CM . . .
. Volume XXIV Number 12. . . November 24, 2017
Be a Night Detective: Solving the Mysteries of Twilight, Dusk and Nightfall is the fourth naturalist detective book from zoologist author/illustrator Peggy Kochanoff. While her previous works looked at ponds, beaches and wilderness, this volume covers the creatures and phenomena only seen after the sun goes down. The introduction provides useful information on how nocturnal animals see at night as well as how the human eye functions in the dark. Young readers are encouraged to look “to the edge of your eyes at night” to improve night vision and to also utilize the book’s glossary if any terms prove confusing.
Kochanoff highlights 16 simple questions about plants, animals, insects and the night sky including: Are bats dangerous? Why do coyotes howl? Why do moths fly at night? Why do owls hunt at night? How do you find star pictures in the night sky? What causes the Northern Lights? With the book’s being published in Nova Scotia, Kochanoff references the Maritime provinces at one point, and her questions and answers have a northeastern North American focus, featuring common wildlife, such as moths, skunks, raccoons, June bugs, cicadas, bats and owls. Each question is conversational in tone, “Hmmm…why do frogs and toads call during the night?”, and is followed by a one or two-page spread including the answer and an accompanying illustration or diagram. Kochanoff’s answers for each question strike a nice balance; the science is not “dumbed down”, and it includes scientific facts but at an accessible reading level that will not leave young readers confused.
Difficult terms, such as enzyme, are featured in bold text and explained in the glossary at the end of the book.

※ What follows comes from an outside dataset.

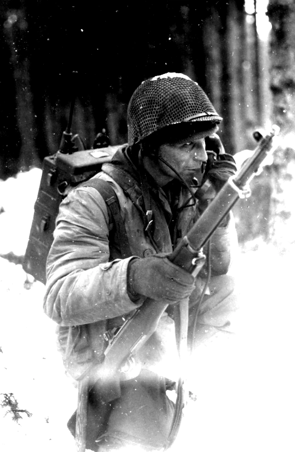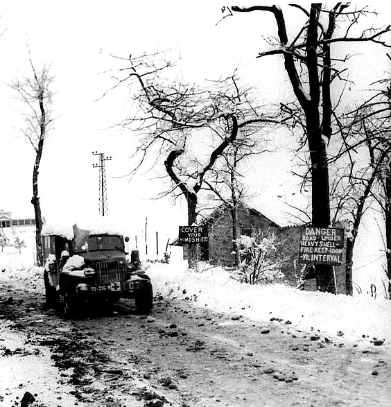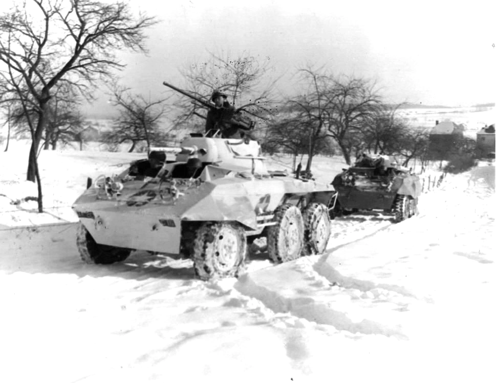 The news was immediately relayed to squadron headquarters, and a ‘roger’ reply secured by 0720. Minutes later the next armored car in the nearer team on the Andler – Auw road flashed a similar messages but in this case gave added warnings of tanks being used by the enemy. ‘Enemy surrounding us – tank trained on armored car’, came the message from the vehicle which was less than 500 yards from the troop CP. A more detailed account of the second attack was later learned by Lindsey. This report came from four members of the team Cpl Royon, T/5 Whiteside, Pfc Battiori and Pvt Henderson. These four men had been standing near the armored car when the attack suddenly bursted in upon then. They were also to make their way back to the troop CP and tell of the tank and the enemy infantry dressed in snow camouflage suits, that had suddenly swept in upon them. It was 0730 by this time, and Lindsey sought permission from the squadron to begin a withdrawal movement towards Schoenberg. The static position deprived his troops of the organizational mobility that was one of their strongest weapons. He did not want his troop to be overpowered in the darkness, when they could fight a more telling battle in daylight – as was later proven. However, all vehicles and men had assigned fields of fire and they started to blaze back at any sign of enemy movement that they saw. It was only a few minutes before an enemy tank reached the intersection where the road from Auw joins the Eimerscheid – Schoenberg road at Andlermühle (Belgium). The attacking enemy seemed to have the outpost positions well plotted and mortar as well as and flat-trajectory fire struck near the troop CP. Pvt Henderson, one of the four men who had escaped being surrounded at the second reconnaissance team to be struck by the enemy, was wounded by shell fragments as he fought near the CP.

Kochanoff’s watercolor illustrations are charming and give this nonfiction title its picture book feel, ensuring that young readers will select it both for academic science project work as well as for pleasure reading. The extra content at the back of the book, the glossary and listings of books, magazines and websites for further research, will prove useful in the classroom and school library. A table of contents or index would have been a nice addition to Be a Night Detective so that readers could flip to a certain animal or specific question, or for those readers who prefer to dip in and out. Regardless, Kochanoff has once again crafted a work that belongs in all elementary classroom and school libraries as well as on the bookshelves of young naturalists.
Cate Carlyle is a former elementary teacher currently residing in Nova Scotia where she is a librarian at Mount Saint Vincent University. She now knows that flying squirrels do not actually fly.